When the wheelchair is moving forward, the accelerator circuits 1 and 4 generate a voltage of _Vcc /2 or higher, so the detected voltage of the tachogenerators 32 and 62
The motor M rotates forward in the forward direction until v ₂ and v ₄ reach the command voltages v ₁ and v ₃ . At this time, a voltage of v _cc /2 is input to the non-inverting input terminals of comparators 7 and 8, and a voltage of v _cc /2 or more is input to the inverting input terminals, so that Since both outputs become low level and the output of AND gate 9 also becomes low level, no current flows through transistor TR. Therefore, no restriction is applied to the command voltage for forward movement.

Now, suppose you reverse the wheels on the right in order to make a right turn. At this time, the motor M of the left motor drive circuit 6 is rotating normally.

The command voltage from the right accelerator circuit 1 is v _cc /
2 or less, the comparator 2 sends out a signal at the "-1" level, and the motor M rotates in reverse.

The comparator 8 connected to the left accelerator circuit 4 outputs a low level signal as described above, but the inverting input terminal of the comparator 7 connected to the right accelerator circuit 1 receives _vcc. Since a voltage of /2 or less is input, a high level signal is output without being inverted. However, since the comparators 7 and 8 are connected to the base of the transistor TR via the AND gate 9, no current flows through the transistor TR since the output of the AND gate 9 is at a low level. Therefore, no restriction is applied to the command voltage. The same applies when making a left turn. In addition, when steering by reducing the speed of one wheel, it is sufficient to think in the same way as when moving forward.

Next, the operation when reversing will be explained.

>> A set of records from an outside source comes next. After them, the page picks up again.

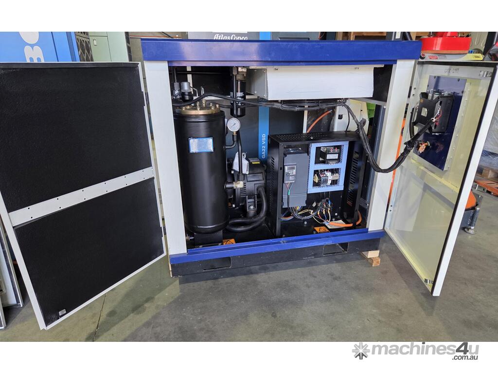 3). ATLAS COPCO GA22 VSD 22kw 30hp 415v 8-13 BAR 138CFM VARIABLE SPEED ROTARY SCREW COMPRESSOR BASE MOUNT Year 10/2020, GENUINE LOW 5,500 RUN HOURS (TBC), REGULARLY SERVICED INCLUDING RECENT OIL SEPARATOR REPLACEMENT. HUGE PRICE REDUCTION! TESTED SHOWING OIL LEAK FROM DIRECT DRIVE ELECTRIC MOTOR, REPAIRABLE.
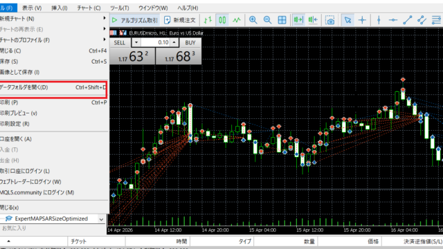 ①MT5を起動する。起動したらMT5の「ファイル」タブの「データフォルダを開く」をクリック
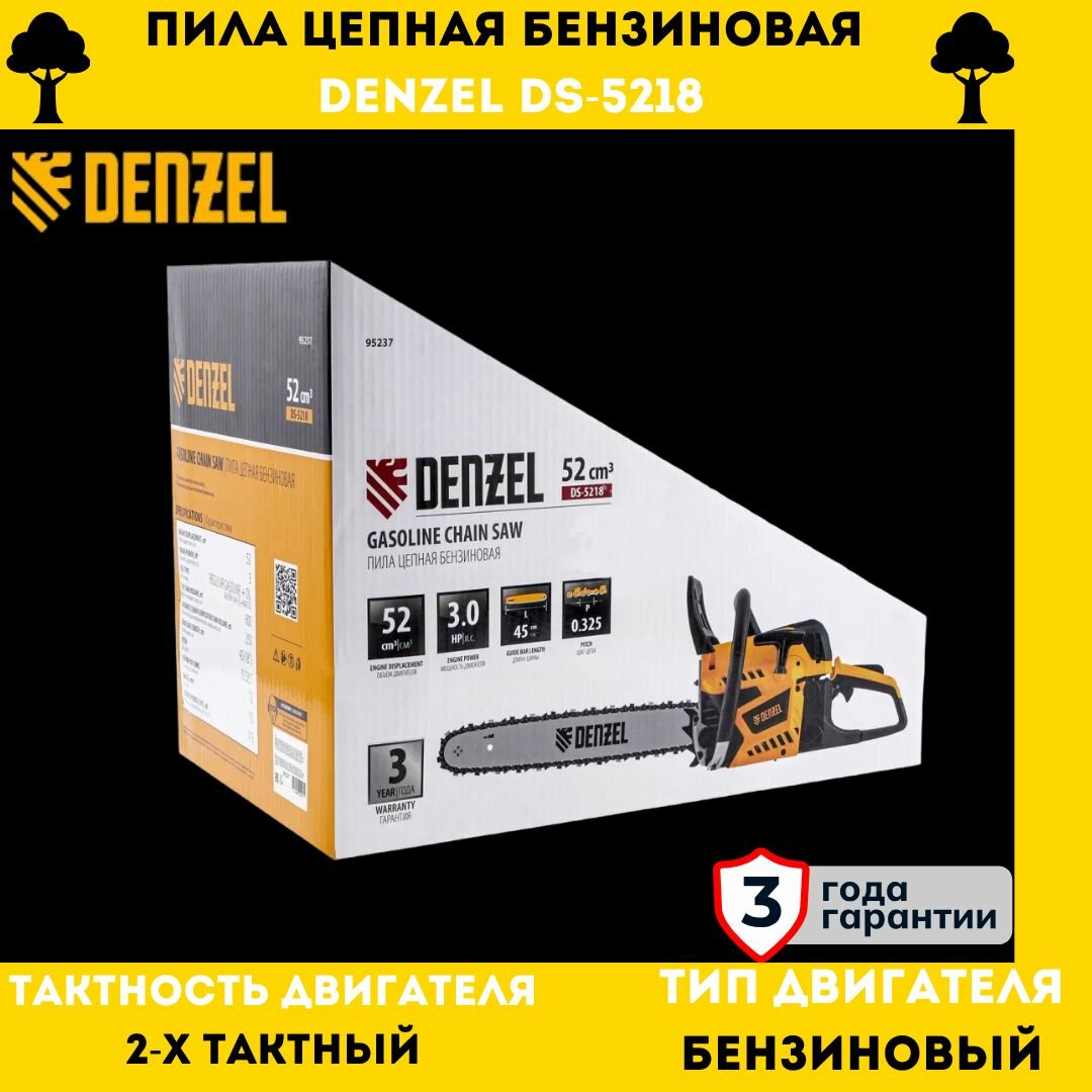 Пила цепная бензиновая Denzel DS-5218 шина 45 см, 52см3, 3 л.с., шаг 0, 325, паз 1, 5 мм, 72 зв 95237

When reversing, a command voltage of less than v _cc /2 is generated from the accelerator circuits 1 and 4 on both sides, so
Comparators 2 and 5 output signals of "-1" level, and both wheels rotate in reverse.

At this time, the inverting input terminals of comparators 7 and 8 have v _c
Since a voltage of less than _c /2 is input, comparator 7,
Both outputs of gate 8 become high level, and the output of AND gate 9 also becomes high level.

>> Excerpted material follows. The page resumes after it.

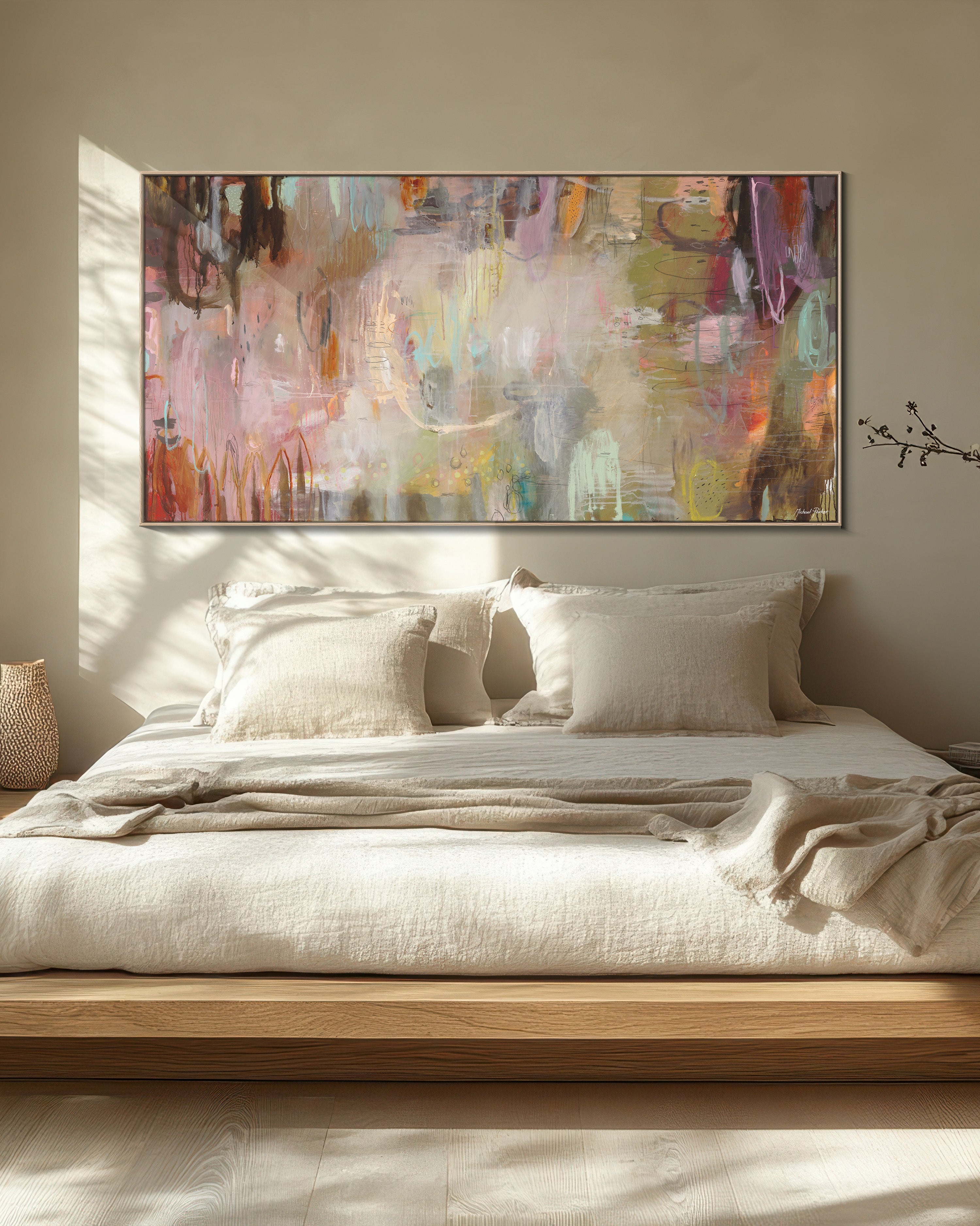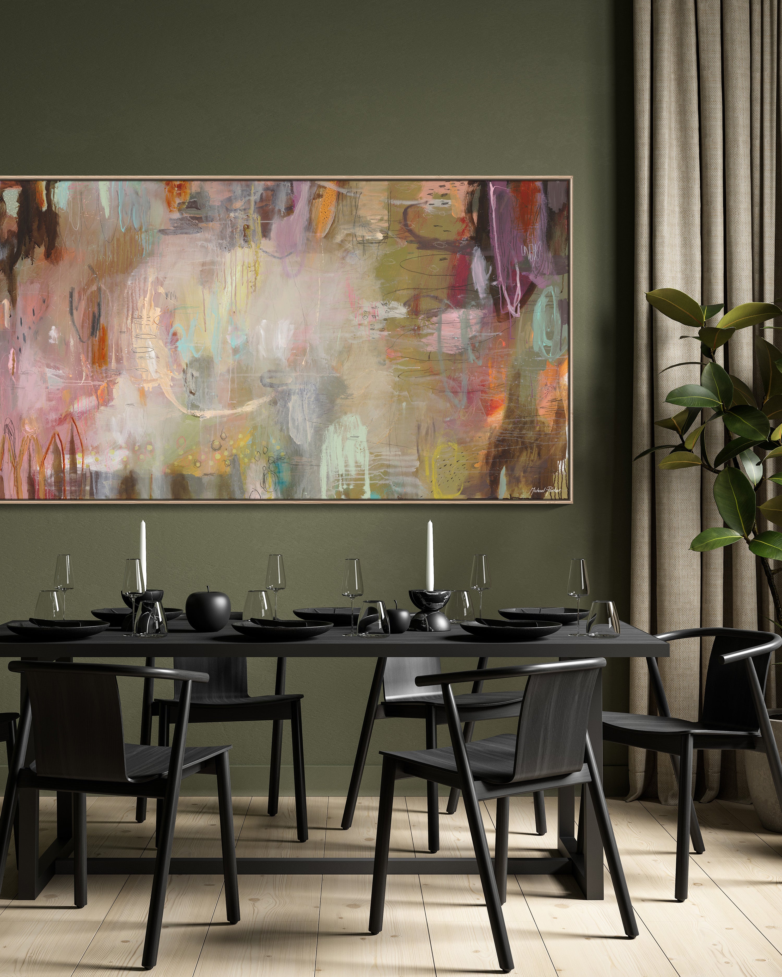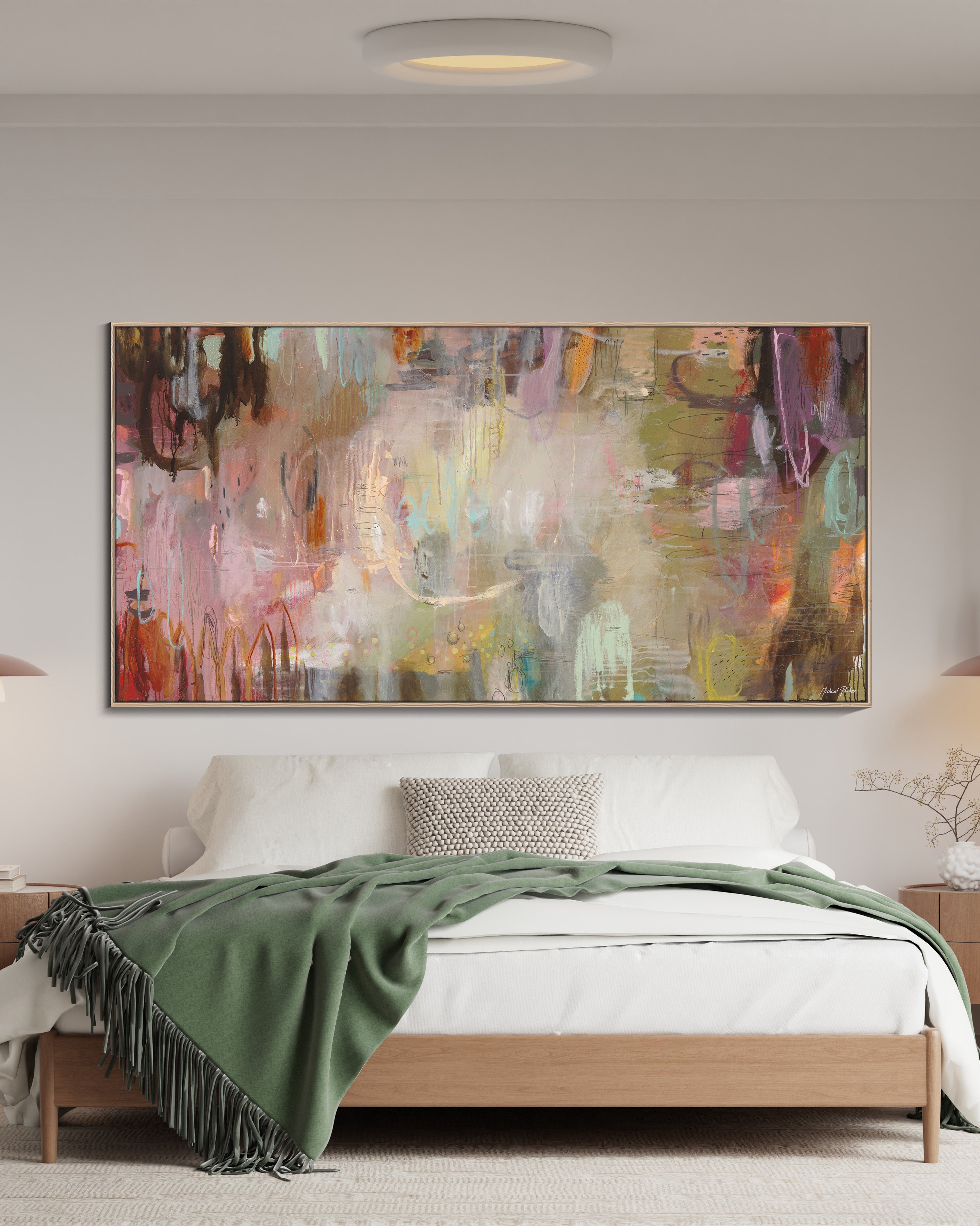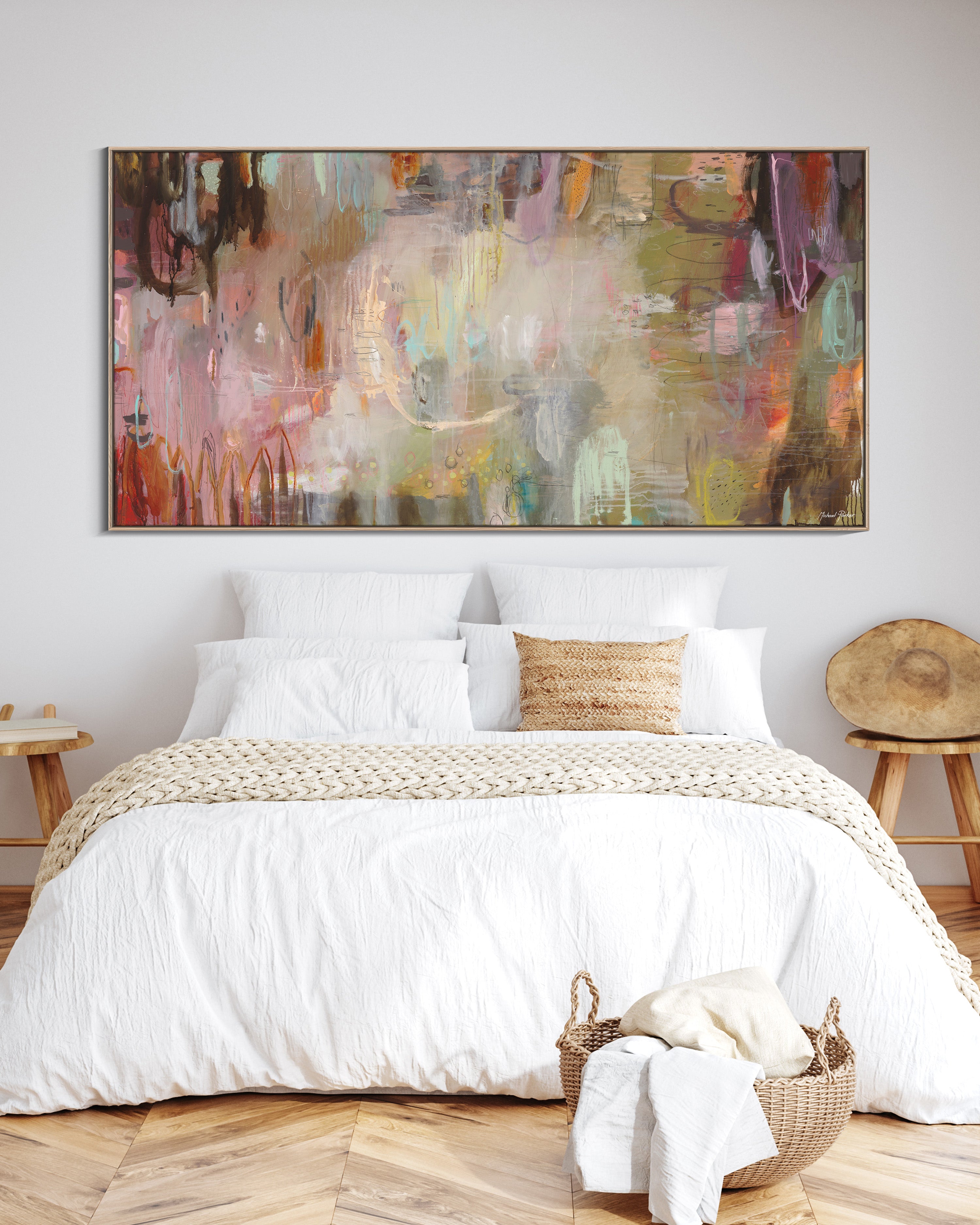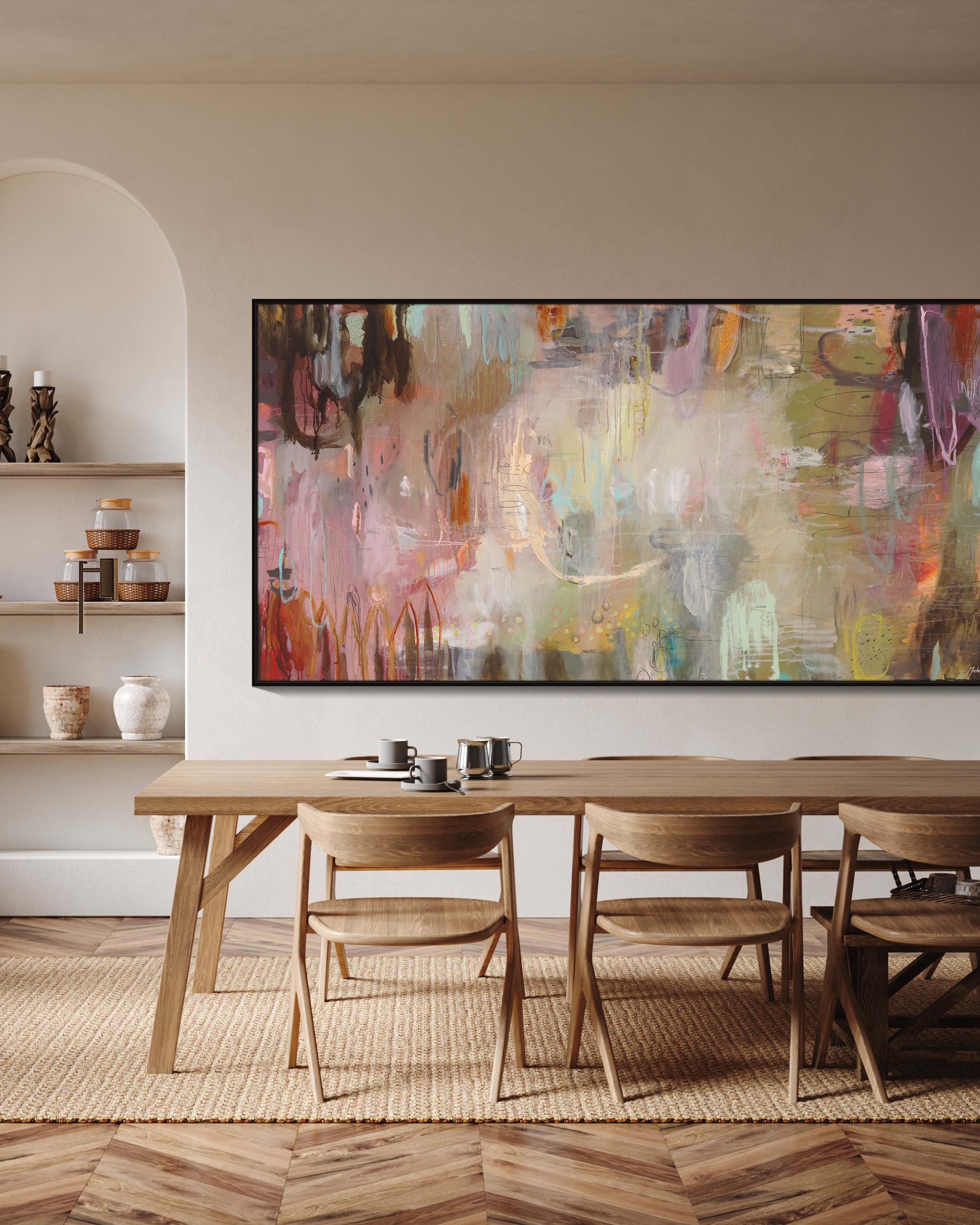 The artwork is stretched over 1.5" timber stretcher bars for a clean, modern finish. Comes ready to hang, complete with wire installed on the back.

Therefore, a high level signal is input to the base of the transistor TR, and the voltage of v _cc /2 connected to the collector side flows through the transistor TR via the resistor R, and is compared from the diodes D ₁ and D ₂ . The current flows to the non-inverting input terminals of the converters 2 and 5. For this reason,
Since the command voltages for both wheels are suppressed to the neutral side, the left and right motors M can reduce the vehicle speed only when the vehicle is in the backward state.

As explained in detail above, according to the present invention,
Since the driving force is not reduced during normal forward driving, right turns, and left turns, only the speed when reversing is reduced, it is possible to drive in reverse safely.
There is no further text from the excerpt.